Andrey Fradkin is a postdoctoral associate at the Initiative on the Digital Economy at MIT. He studies the effects of digital technologies on the economy, the design of online platforms, and the economics of search and matching markets. With regard to platform design, he has studied and worked to implement search and matching algorithms, reputation systems, experimentation policies, and user acquisition strategies at Airbnb, Inc. He has also provided expert input on these topics to the Presidential Council of Advisors on Science and Technology and the Federal Trade Commission.
Caniglia was a full time economics professor at Franklin & Marshall from 1982 to 1999 at which time he joined the administration. His current role as Vice President for Planning includes, in addition to the obvious planning work for F&M, researching and implementing policies regarding access, success, demonstrating the values of a liberal arts education, and how students make decisions regarding attending a college or university.

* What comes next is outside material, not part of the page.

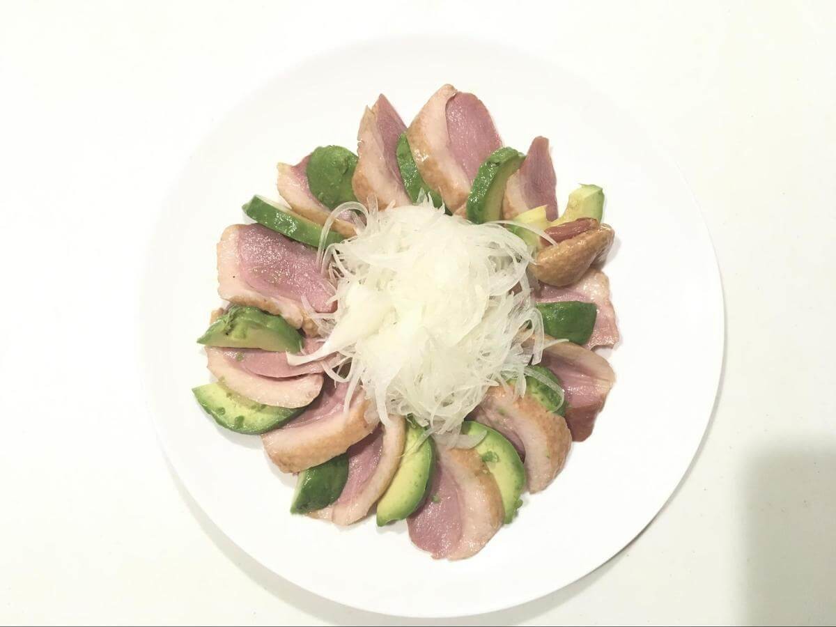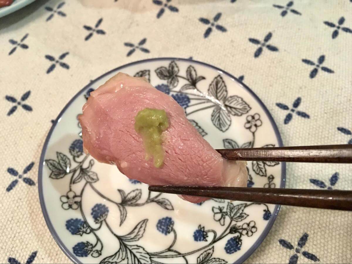 次男のお刺身発言にヒントを得て、大人はわさびをプラスしてみました。合鴨ロースの油とわさびが溶け合って、さっぱりとした口あたりになります。

Laia Navarro-Sola is a Ph.D. candidate in the Department of Economics at Northwestern University. Her research focuses on human capital and education in developing countries. Her current research investigates the long-run effects of expanding access to secondary education in a developing country context through schools that use televised lessons. Navarro-Sola’s research also examines whether a school’s impact on high-stakes exams is a good measure of its overall life impact on students, and whether parents value high-stakes tests, long-run outcomes, or both.
Damon Jones is an Assistant Professor at the University of Chicago's Harris School of Public Policy. He conducts research at the intersection of three fields within economics. First, there is public finance, the field of economics that analyzes government taxation and spending, using models of choice to predict the effects of policy and economic notions of well-being to measure the policy’s benefit or harm to consumers. Second is household finance, the branch of economics that focuses on the financial decisions, saving, borrowing and insurance, at the household level.
Trajtenberg has been a Professor of Economics at Tel Aviv University since 1984. Currently he serves as a member of the Knesset, the Israeli Parliament for the (opposition) Labor Party, for which he was candidate for Finance Minister. Prof. Trajtenberg headed the Higher Education system in Israel from 2009 through 2014 (e.g. Chairman of the Planning and Budgeting Committee of the Council of Higher Education), and prior to that served as (first) Head of the National Economic Council at the Prime Minister Office (2006-2009).
Reuben Gronau is Professor of Economics (emeritus) at the Hebrew University at Jerusalem (Israel). He served as Visiting Professor at UCLA, Stanford University, MIT, The University of Chicago, Columbia University, Princeton, Northwestern, and The New School (Moscow). He has published several books and articles in the area of theoretical and empirical household behavior, labor market participation, transportation economics, and public utilities regulation. He played a major role in in setting the rates of public utilities in Israel (electricity, water, and phone rates).
Marion Goussé is an Assistant Professor at the Department of Economics at Laval University (Québec City). Her research interests are in labor economics and the economics of the family, including issues such as inequality and assortative mating, intra-household allocation of resources, women labor supply and discrimination.
Goussé received an M.Sc in Economics at ENSAE (Paris) in 2010 and a PhD in Economics from Sciences Po Paris in 2014.
Zvika Neeman held positions at Boston University and the Hebrew University of Jerusalem and is now a professor of economics at Tel Aviv University.
His main research areas is economic and game theory and in particular the theory of mechanism design. He is also interested in law and economics.
Neeman completed his Ph.D. in Managerial Economics and Decision Sciences at Northwestern University in 1995.
Judd Kessler is an Assistant Professor at the Warton School at the University of Pennsylvania.
Ashok Rai is a Professor of Economics at Williams College. His research is on the inequality that arises from unequal financial access. He has written on microfinance design and is now working on the global coffee trade.
Rai has a B.A. from Stanford University and a Ph.D. from the University of Chicago.